- Genre: Documentary
- Directed by: Vasan Bala Xulfee Kulish Kant Thakur
- Starring: Vinod Talwar Jaspal Neelam Dilip Gulati Kishan Shah
- Music by: Nitish Rambhadran Karan Malhotra
- Country of origin: India
- Original language: Hindi
- No. of seasons: 1
- No. of episodes: 6

Production
- Producer: Ashwin Rai Shetty
- Cinematography: Sukesh Viswanath
- Running time: 30-40 minutes

Original release
- Release: 20 January 2023

= Cinema Marte Dum Tak =

Indian reality documentary series

Cinema Marte Dum Tak is a 2023 Indian docuseries produced by Vice Studios and created by filmmaker Vasan Bala and co-directed by Disha Rindani, Xulfee, and Kulish Kant Thakur. The series features four directors — J Neelam, Vinod Talwar, Dilip Gulati, and Kishan Shah — who have had success in the 90s. Tasked with utilizing their signature techniques, they are given a limited budget to direct a short movie with their original crew and cast.

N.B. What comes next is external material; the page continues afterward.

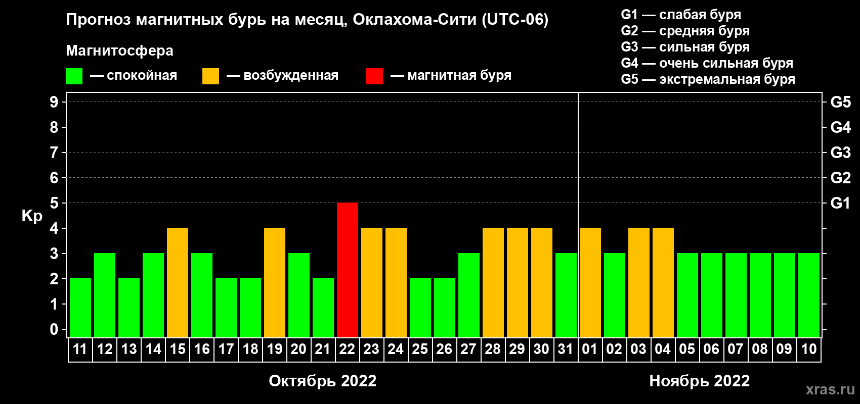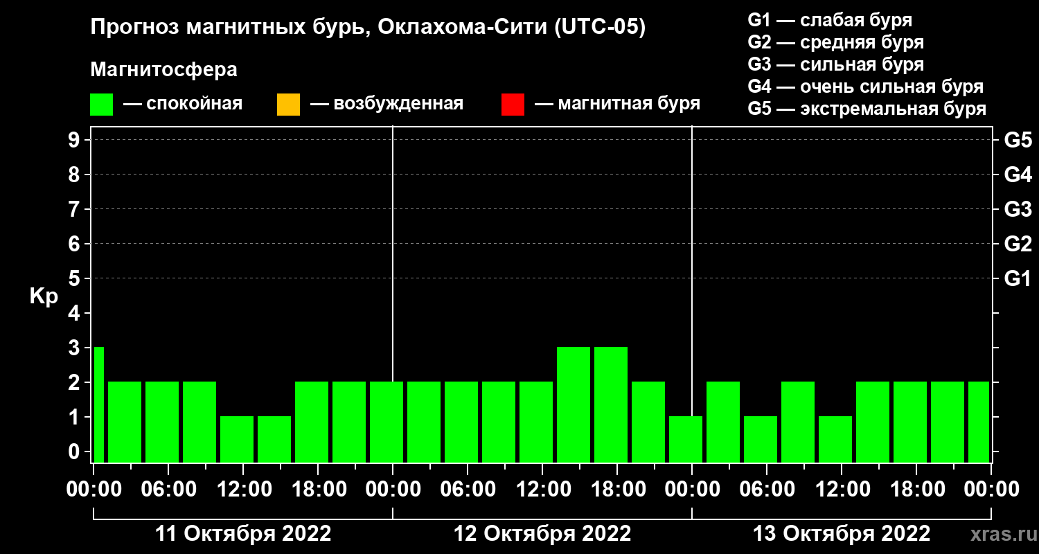 Прогноз магнитных бурь Оклахома-Сити на 11 октября 2022 года

The series premiered on Amazon Prime Video on January 20, 2023, and features actors such as Raza Murad, Mukesh Rishi, Harish Patel and Rakhi Sawant. Bollywood actor Arjun Kapoor had appeared as the host of the final episode.

== Overview ==
Created by Vasan Bala, Samira Kanwar and Niharika Kotwal, the show gives an insightful look into the subculture, featuring interviews with the directors, artists and actors of the time such as Kanti Shah, Harish Patel, Raza Murad, Mukesh Rishi and Kiran Kumar.

== Reception ==
Raja Sen of Mint in his review stated "The series works because of the filmmakers in focus. J Neelam, one of the only women directors who made “fultoo sex” pictures like Kunwari Dulhan, approaches her work with pragmatism and sensitivity: she wants scenes to have a point, women to be in charge."

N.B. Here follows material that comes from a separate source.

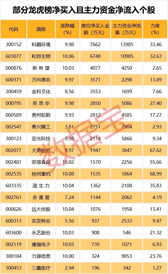 5月9日龙虎榜中机构及营业部席位资金净买入1.03亿元,其中净买入的个股有26只;净卖出的个股有23只。净买入前三名个股分别是科融环境、和邦生物、丰乐种业,净买入金额占当日成交额比例达18.33%、20.04%、7.39%。
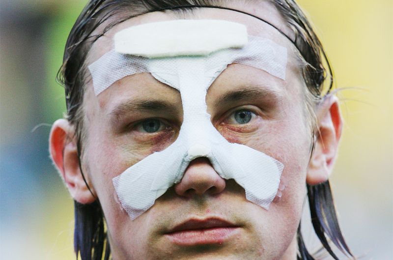 «Я буду играть даже без носа». На финал Кубка УЕФА Олич вышел с маской, которая была сделана из гостиничных карточек

The Indian Express called it "An ode to the world of sleaze and spook"

Ronak Kotecha of The Times of India gave Cinema Marte Dum Tak a 3.5/5 rating, praising Vasan Bala's direction. He noted "Filmmaker Vasan Bala’s passion for cinema is well known and extremely palpable in all his works. ‘Cinema Marte Dum Tak’ is no different."

Shubham Kulkarni from Koimoi gave a rating of 4/5 and wrote "Cinema Marte Dum Tak is a very personal project that is an ode to the stars that were never called one. Watch it for all the hardwork, truth, and the respect it is made with, you will only learn something new."

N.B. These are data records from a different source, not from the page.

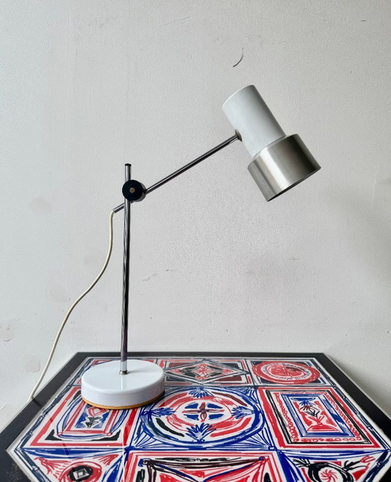 A stylish vintage Prova desk lamp, featuring a round metal shade, chrome arm and weighted circular base.
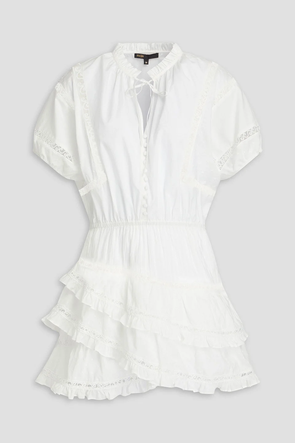 Ruffled guipure lace-trimmed cotton and Swiss-dot mini dress
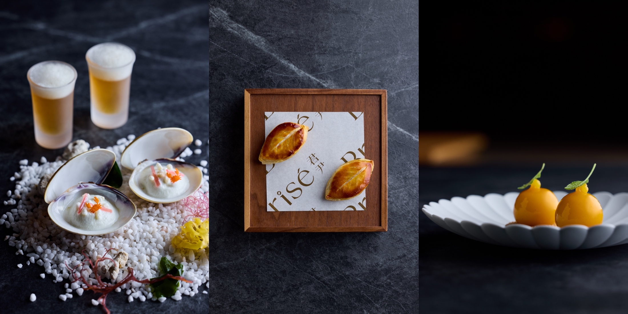 開胃小點由「蛤蜊・茗荷・澄清雞湯」(左)、「油封櫻桃鴨・香料紅酒・千層酥皮」(中)和「金棗・波弗乳酪・榛果」(右)組成。

Deepa Gahlot at Rediff.com rated the series 3 stars out of 5 and wrote "The series is a celebration of those directors' resourcefulness, economy and speed of film-making. Still what remains in the mind long after the six-episodes are done is the much-admired Kanti Shah saying that he often goes out to have a drink just to have someone to talk to."

Suchin Mehrotra in his review stated "Cinema Marte Dum Tak is a gloriously entertaining and charmingly heartfelt"

Kartik Bhardwaj of Cine Express rated the series 3.5/5 stating "Cinema Marte Dum Tak also zooms out and tracks the journey of this underground cinema, and how the controversy around “bits” or pornographic scenes that were added under the nose of the Censors, the death of single screens after advancement of multiplexes and lack of upgradation by makers, led to its downfall."

== Episodes ==
===Season 1===

| No. | Title | Directed by | Original release date |
| 1 | "Seene mein cinema" | Vasan Bala, Xulfee, Kulish Kant Thakur | 20 January 2023 |
Reunite with Kishen, Dilip, Neelam and Vinod as they seek to relive and restore the once-famous 'Pulp' film industry of the '90s.
| 2 | "Doosri cheekh" | Vasan Bala, Xulfee, Kulish Kant Thakur | 20 January 2023 |
The filmmakers sought a heroine who was willing to take on daring roles, which is a key element of any pulp film.
| 3 | "Haath ki safai" | Vasan Bala, Xulfee, Kulish Kant Thakur | 20 January 2023 |
Four directors arrive on set, ready to start their low-budget films, when Kanti Shah - King of Cult Cinema - arrives to share the secret history of pulp cinema. Lights, Camera, Action!
| 4 | "Ganda tha par dhandha tha" | Vasan Bala, Xulfee, Kulish Kant Thakur | 20 January 2023 |
The cameras continue to roll and the story continues to unfold - with each shoot concluding, we uncover the gritty and mysterious secrets of the pulp movie industry.
| 5 | "The last of us" | Vasan Bala, Xulfee, Kulish Kant Thakur | 20 January 2023 |
Reflecting on past experiences, the filmmakers look back at their films in the can and sorrowfully consider what might have been. The magic is gone, leaving them to ponder their decisions and contemplate what might have been.